In recent years however, under the influence of the now worldwide pandemic, they have taken a hit as a result of poor management and the spread of false propaganda from time to time throughout social media conjecturing the impending collapse of financial institutions. Similarly, the monthly loan and lease instalment payments of banks and financial institutions have dropped drastically. Simultaneously, the nonperforming loan ratio of banks have risen to over 4%, while that of non-bank financial institutions is around 11% – resulting from accumulated moratoriums and non-payments. This amount is in billions.
Registered (non-bank) financial institutions (RFCs)
The lower- and middle-class people of the country deal with non-bank financial institutions. They accommodate 62% of Sri Lanka’s workforce who are unwelcomed by reputable banks and have provided them with financial facilities of around Rs. 1 trillion (the assets of RFCs being around Rs. 1.5 trillion). So, they perform the unpredictable business of catering to the majority of borderline, non-bankable, high-risk entrees to the market, mostly originating from rural/suburban areas and if not for RFCs, many of our well-known companies today would not exist.
Banks and non-banks cater different portions of society with different strategies – so they cannot be compared. It has been predicted that non-banks may overtake banks as they operate on emotional intelligence which they in turn operate on human intervention. They pay 15 billion corporate taxes and cater to seven million people – this is 50% of the active population aged 18-70, one million micro companies (10 or less workers) – this is 44% of labour force in the country and 70,000 SMEs employing 17% of the labour force in Sri Lanka.

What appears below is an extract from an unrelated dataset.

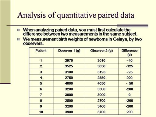 Observing the differences, we found that most of them are negative, suggesting that the second observer tended to registered higher weights. Now the column of differences is our sample. |

Non-banking financial institutions should be commended on the fact that, with income reduced to 75% and the combined threats from the Easter attacks and COVID-19, they have continued to pay depositors and employees and still proceed to run well. Some countries had to pump billions in these situations yet our Government did not have to do this. At such a juncture, the type of paper article as the one published on 14 October including a list of nine registered nonbank financial institutions with low core capital should not be published which increase public fear and worsen the situation for all parties.
In this particular case, customers of the relevant financial institutions began to withdraw their deposits. If a large number of customers withdraw deposits from any bank or financial institution at once, naturally it will be difficult to maintain that institution. The Central Bank of Sri Lanka and the Government has a great responsibility to, at this critical stage, work with organisations to protect the country’s banking and financial sector, the reason being that, if this sector collapses now, the whole country will subside into a web of chaos.
Therefore, it is highly unjust that in the absence of a level-playing field, with collective tragedies (COVID being the largest humanitarian crisis after WW2) and with unpopular opinions stacked against them, that these institutions continue to suffer attacks while striving to provide such a risky and un-provided service to the country. The focus here is misdirected to RFCs when the real danger lies within the numerous non-registered financial institutions which relevant regulatory bodies should chase behind to ensure safety.
(The writer is a qualified Engineer counting over 35 years of experience in civil engineering, Lecturer and former Director of two leading banks in the country. He had held chairmanships/directorships in many major corporations and financial institutions in Sri Lanka. He holds a PhD in Management and an MBA from the Sussex University (UK). A Civil Engineering Graduate and Advanced Diploma holder in HIET (Chennai – India), is a Fellow of the International Institute of Management (HK) and a Fellow of the Ceylon Institute of Builders.)